Exercise inputs:
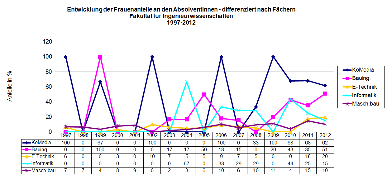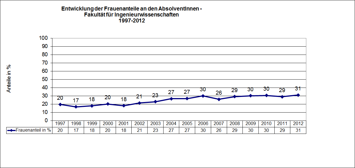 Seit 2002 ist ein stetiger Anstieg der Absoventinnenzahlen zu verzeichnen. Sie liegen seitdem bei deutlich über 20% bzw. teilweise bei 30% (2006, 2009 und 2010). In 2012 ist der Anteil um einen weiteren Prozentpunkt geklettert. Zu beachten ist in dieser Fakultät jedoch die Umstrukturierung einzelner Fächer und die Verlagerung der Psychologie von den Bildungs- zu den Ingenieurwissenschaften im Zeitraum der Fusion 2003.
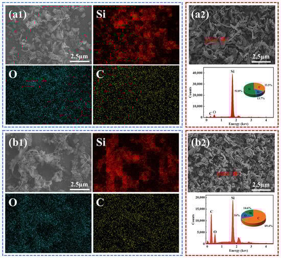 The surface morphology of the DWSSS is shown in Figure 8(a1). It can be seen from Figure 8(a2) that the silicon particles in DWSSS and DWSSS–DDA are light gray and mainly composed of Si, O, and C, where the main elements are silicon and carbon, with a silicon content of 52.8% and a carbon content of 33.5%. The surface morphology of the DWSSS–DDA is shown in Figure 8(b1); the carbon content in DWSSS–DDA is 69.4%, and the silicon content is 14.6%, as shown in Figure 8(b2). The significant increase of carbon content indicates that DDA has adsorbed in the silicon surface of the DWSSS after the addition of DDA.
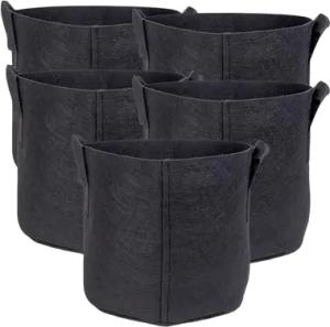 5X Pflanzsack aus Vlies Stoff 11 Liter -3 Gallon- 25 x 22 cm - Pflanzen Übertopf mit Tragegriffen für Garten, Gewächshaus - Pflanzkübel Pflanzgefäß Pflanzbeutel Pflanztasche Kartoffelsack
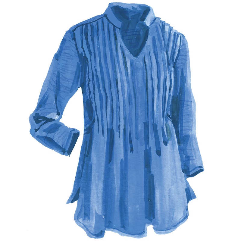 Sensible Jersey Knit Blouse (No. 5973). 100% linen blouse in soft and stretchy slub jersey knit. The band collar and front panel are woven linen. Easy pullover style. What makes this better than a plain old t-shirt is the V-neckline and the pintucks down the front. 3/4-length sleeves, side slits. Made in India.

--

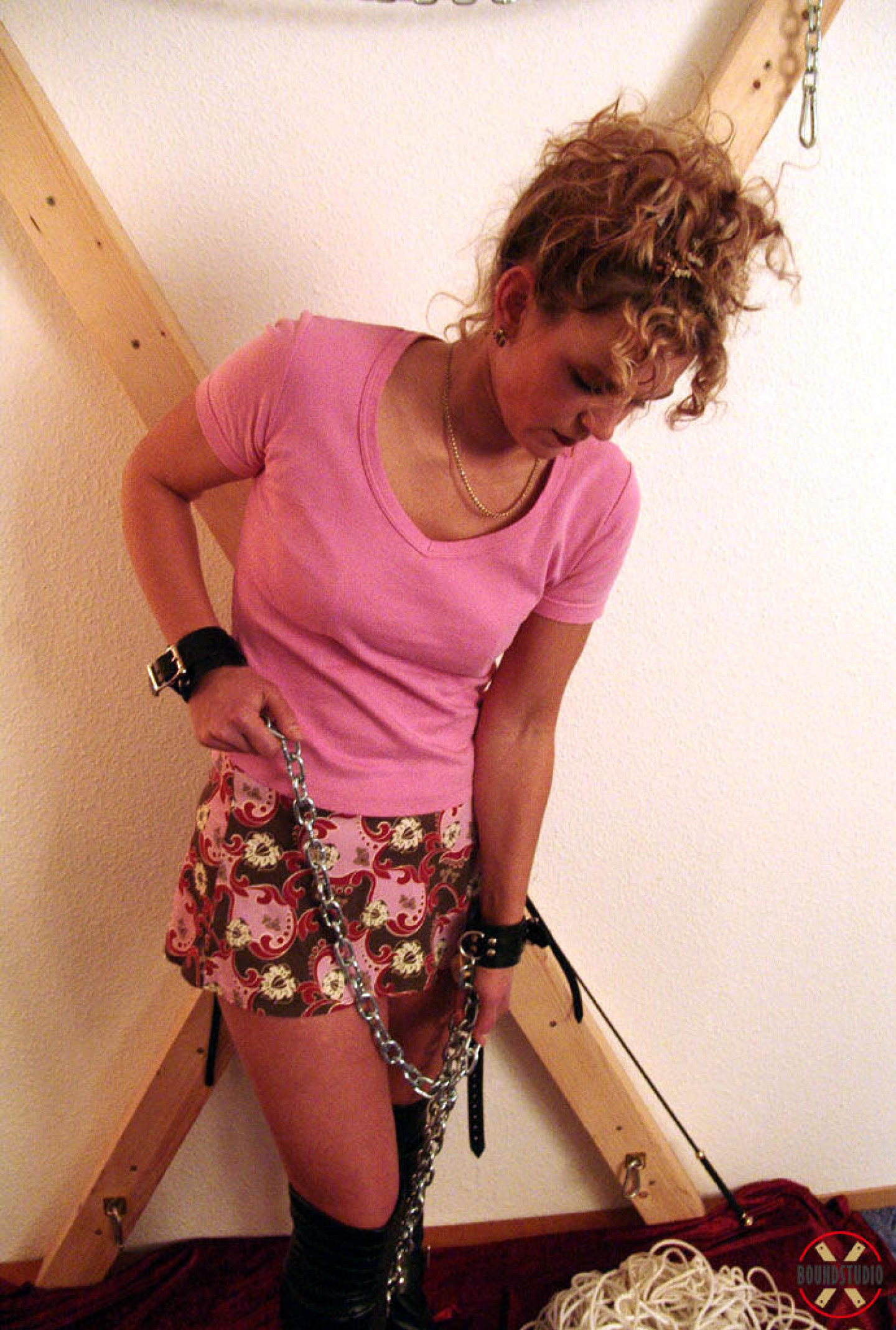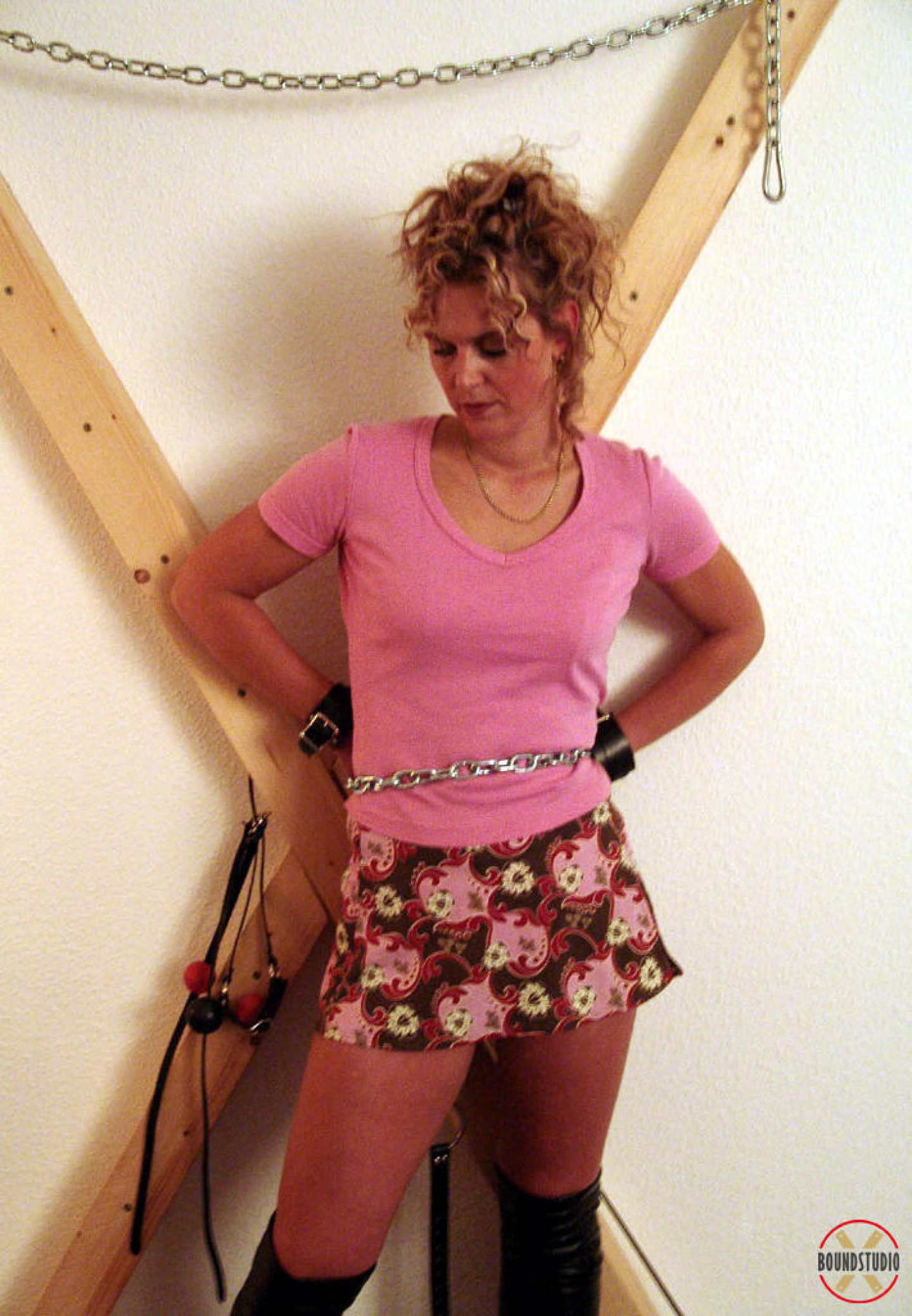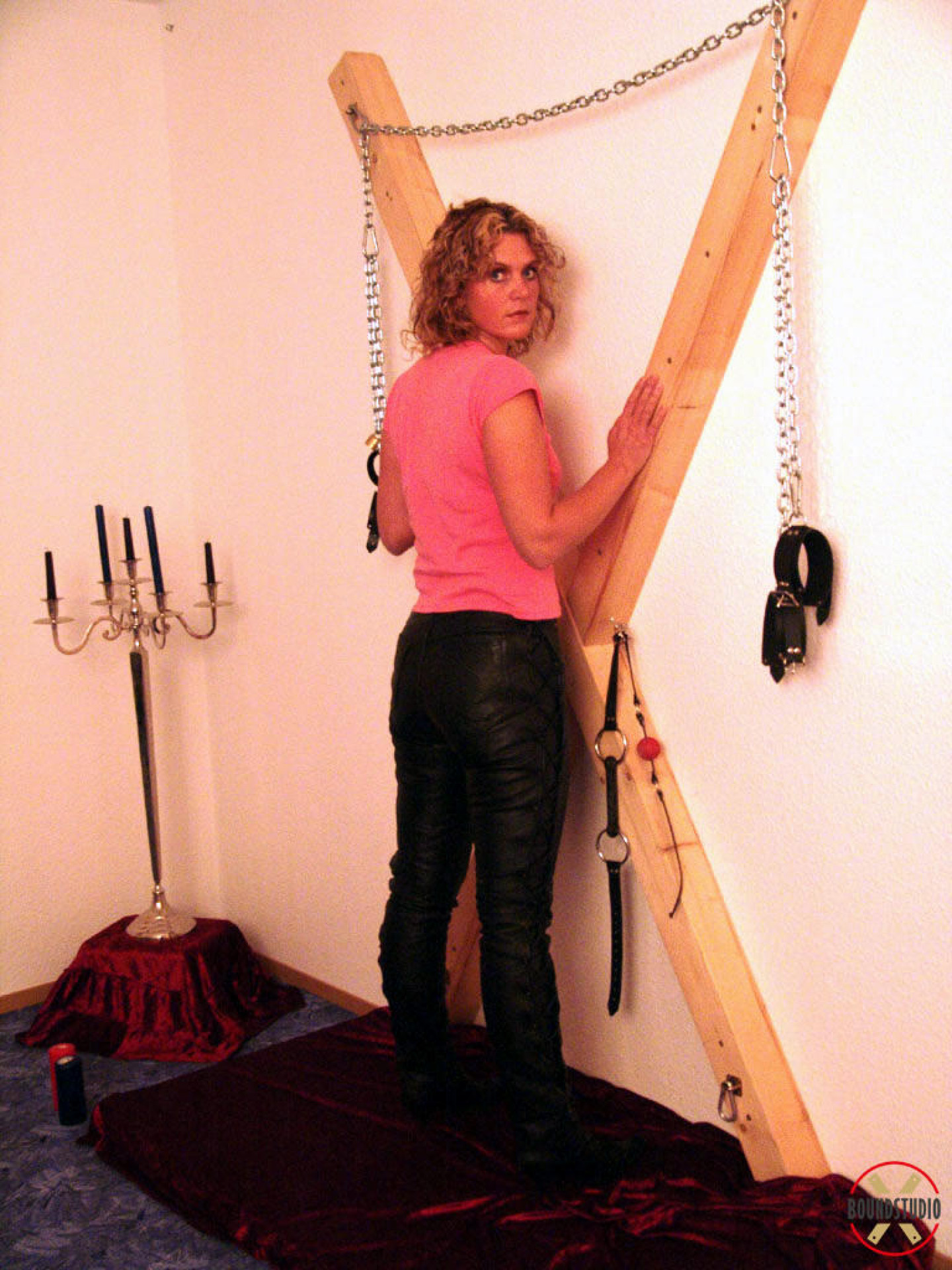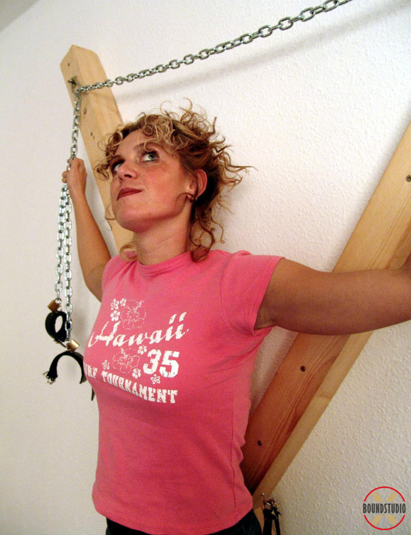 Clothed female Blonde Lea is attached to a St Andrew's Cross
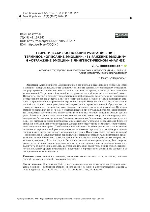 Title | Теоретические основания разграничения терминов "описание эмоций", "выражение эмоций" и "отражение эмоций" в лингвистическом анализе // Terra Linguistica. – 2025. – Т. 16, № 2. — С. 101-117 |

---

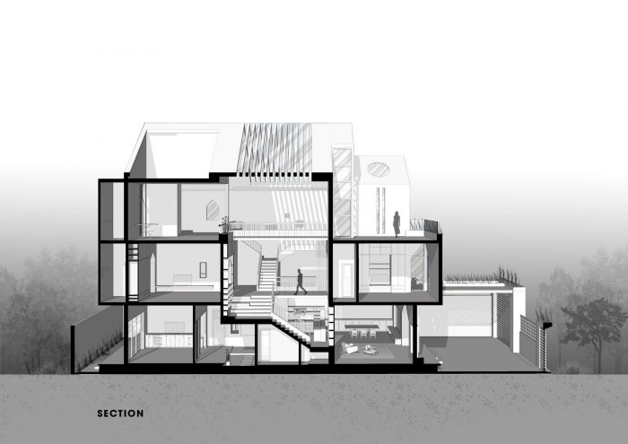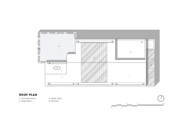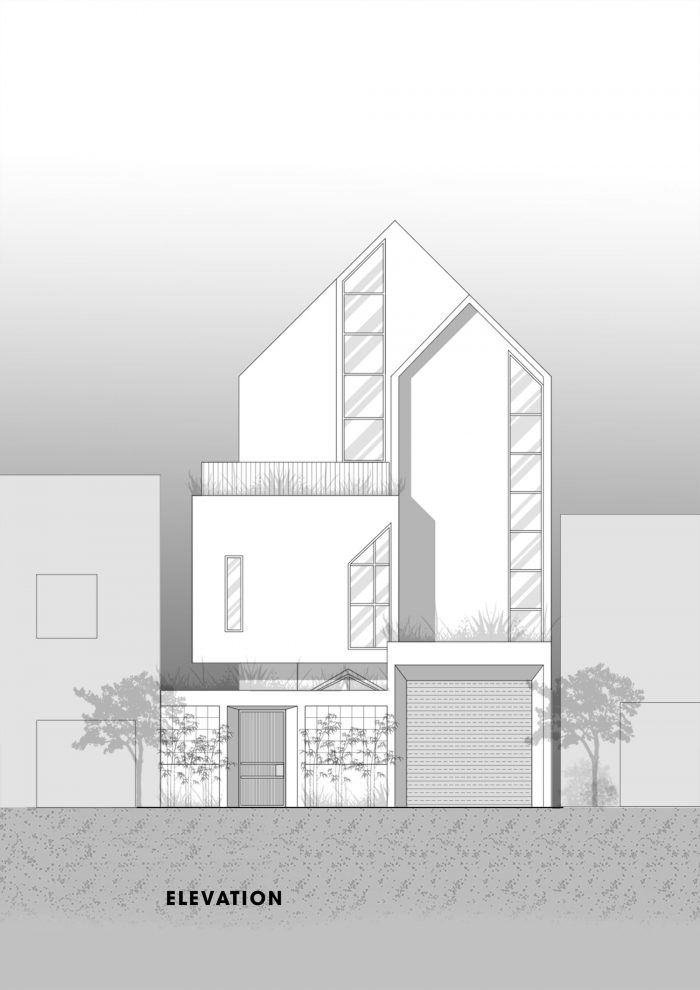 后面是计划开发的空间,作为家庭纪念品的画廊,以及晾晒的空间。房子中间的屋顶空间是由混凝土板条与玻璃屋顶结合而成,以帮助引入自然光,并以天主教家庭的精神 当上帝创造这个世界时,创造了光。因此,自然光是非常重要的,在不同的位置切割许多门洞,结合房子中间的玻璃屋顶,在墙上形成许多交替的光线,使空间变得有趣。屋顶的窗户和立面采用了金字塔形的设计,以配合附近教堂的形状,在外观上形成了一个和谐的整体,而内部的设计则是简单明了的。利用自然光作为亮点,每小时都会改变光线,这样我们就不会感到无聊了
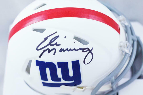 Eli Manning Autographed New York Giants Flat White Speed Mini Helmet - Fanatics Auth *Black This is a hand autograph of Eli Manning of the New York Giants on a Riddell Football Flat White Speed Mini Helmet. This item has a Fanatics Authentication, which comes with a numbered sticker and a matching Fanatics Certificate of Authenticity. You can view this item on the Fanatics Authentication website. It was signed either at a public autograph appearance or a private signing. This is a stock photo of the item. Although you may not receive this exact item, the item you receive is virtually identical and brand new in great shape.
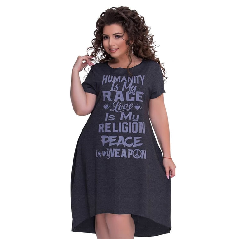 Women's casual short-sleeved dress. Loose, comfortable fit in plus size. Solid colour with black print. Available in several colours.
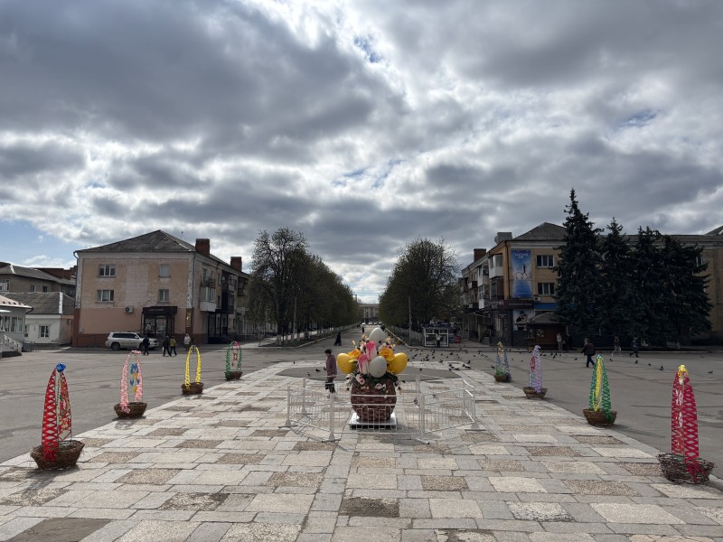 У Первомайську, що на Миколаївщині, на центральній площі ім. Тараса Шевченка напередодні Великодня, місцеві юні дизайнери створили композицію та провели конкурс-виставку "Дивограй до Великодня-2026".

Exercise brief: Exact repeat of the material above: every line from the one with "Seit 2002 ist" through the one with "5X Pflanzsack aus", endpoints included, and nothing more. No pictures.

Your solution:
 Seit 2002 ist ein stetiger Anstieg der Absoventinnenzahlen zu verzeichnen. Sie liegen seitdem bei deutlich über 20% bzw. teilweise bei 30% (2006, 2009 und 2010). In 2012 ist der Anteil um einen weiteren Prozentpunkt geklettert. Zu beachten ist in dieser Fakultät jedoch die Umstrukturierung einzelner Fächer und die Verlagerung der Psychologie von den Bildungs- zu den Ingenieurwissenschaften im Zeitraum der Fusion 2003.
 The surface morphology of the DWSSS is shown in Figure 8(a1). It can be seen from Figure 8(a2) that the silicon particles in DWSSS and DWSSS–DDA are light gray and mainly composed of Si, O, and C, where the main elements are silicon and carbon, with a silicon content of 52.8% and a carbon content of 33.5%. The surface morphology of the DWSSS–DDA is shown in Figure 8(b1); the carbon content in DWSSS–DDA is 69.4%, and the silicon content is 14.6%, as shown in Figure 8(b2). The significant increase of carbon content indicates that DDA has adsorbed in the silicon surface of the DWSSS after the addition of DDA.
 5X Pflanzsack aus Vlies Stoff 11 Liter -3 Gallon- 25 x 22 cm - Pflanzen Übertopf mit Tragegriffen für Garten, Gewächshaus - Pflanzkübel Pflanzgefäß Pflanzbeutel Pflanztasche Kartoffelsack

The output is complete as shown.